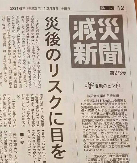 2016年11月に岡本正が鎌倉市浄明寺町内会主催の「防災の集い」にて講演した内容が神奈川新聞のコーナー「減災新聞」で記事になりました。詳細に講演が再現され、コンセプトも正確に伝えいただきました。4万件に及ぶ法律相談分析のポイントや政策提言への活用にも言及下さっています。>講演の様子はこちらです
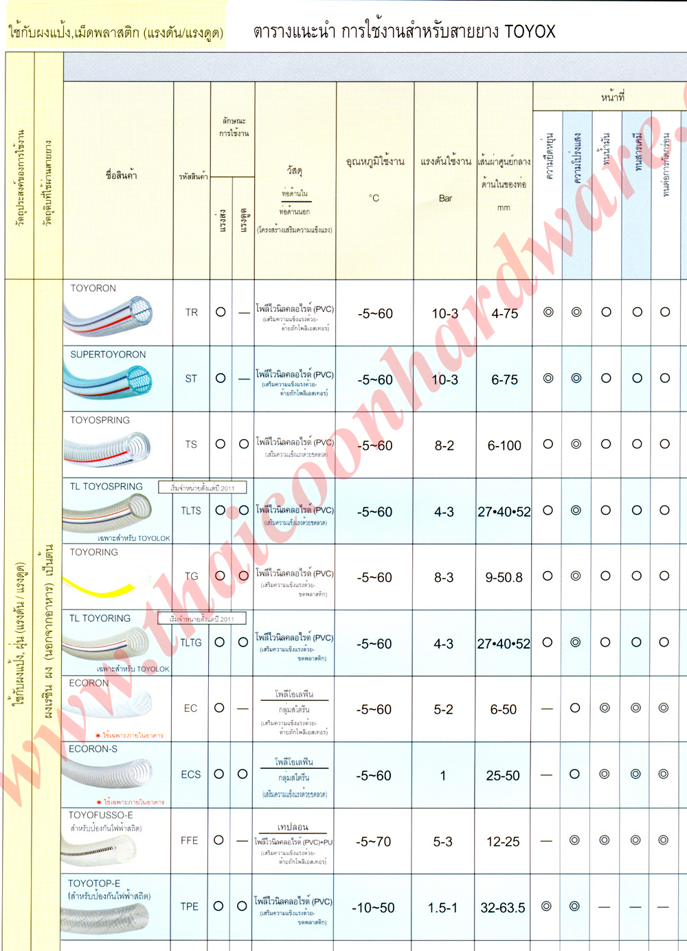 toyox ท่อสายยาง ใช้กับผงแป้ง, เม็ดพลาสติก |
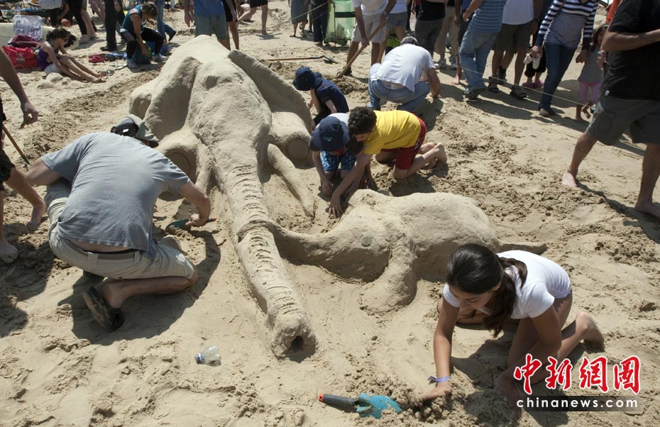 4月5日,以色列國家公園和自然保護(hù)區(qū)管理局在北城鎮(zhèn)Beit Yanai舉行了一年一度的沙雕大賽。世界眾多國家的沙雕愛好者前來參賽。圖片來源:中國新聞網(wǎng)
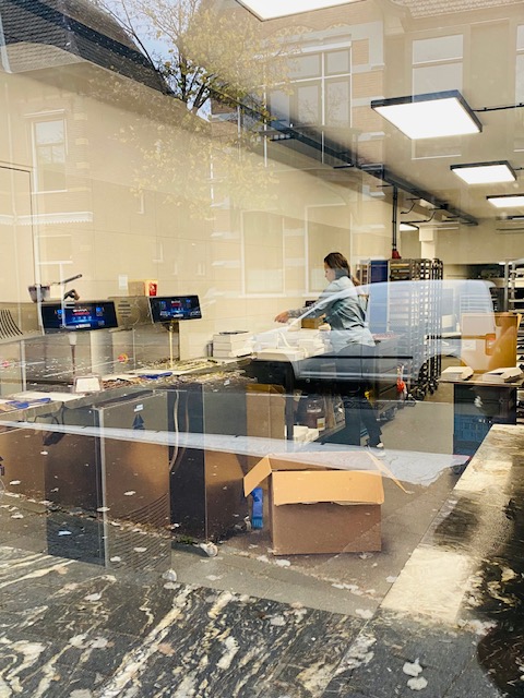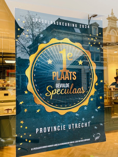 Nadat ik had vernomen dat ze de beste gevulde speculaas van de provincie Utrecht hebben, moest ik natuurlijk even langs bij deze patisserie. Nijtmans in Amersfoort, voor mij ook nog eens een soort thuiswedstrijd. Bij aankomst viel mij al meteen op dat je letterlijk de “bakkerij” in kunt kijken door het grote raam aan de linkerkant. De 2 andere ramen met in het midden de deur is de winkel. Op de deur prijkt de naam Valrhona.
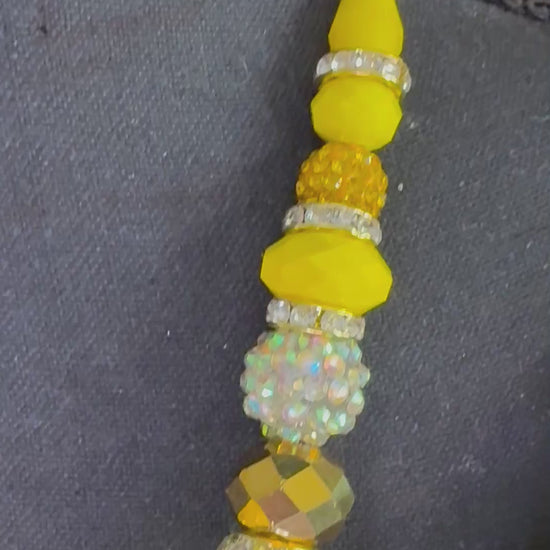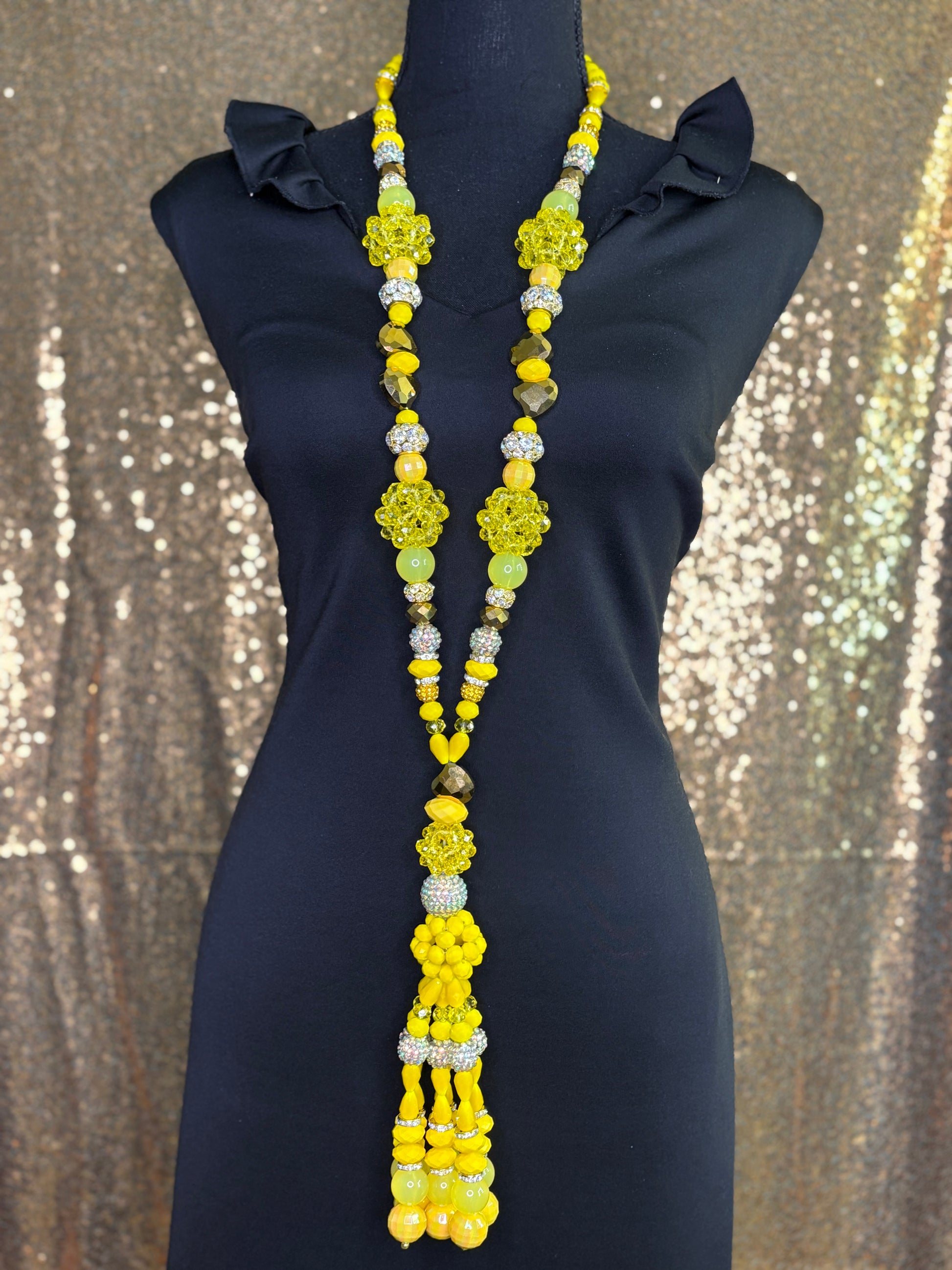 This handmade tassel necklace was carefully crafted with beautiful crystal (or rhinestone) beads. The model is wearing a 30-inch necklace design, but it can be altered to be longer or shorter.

* * * * * * * * *

**THE TASK:**
Extract, word for word, every line from the one containing "Nadat ik had" to the end of the data above, both ends included, and leave out the pictures.

**ANSWER SPACE:**
 Nadat ik had vernomen dat ze de beste gevulde speculaas van de provincie Utrecht hebben, moest ik natuurlijk even langs bij deze patisserie. Nijtmans in Amersfoort, voor mij ook nog eens een soort thuiswedstrijd. Bij aankomst viel mij al meteen op dat je letterlijk de “bakkerij” in kunt kijken door het grote raam aan de linkerkant. De 2 andere ramen met in het midden de deur is de winkel. Op de deur prijkt de naam Valrhona.
 This handmade tassel necklace was carefully crafted with beautiful crystal (or rhinestone) beads. The model is wearing a 30-inch necklace design, but it can be altered to be longer or shorter.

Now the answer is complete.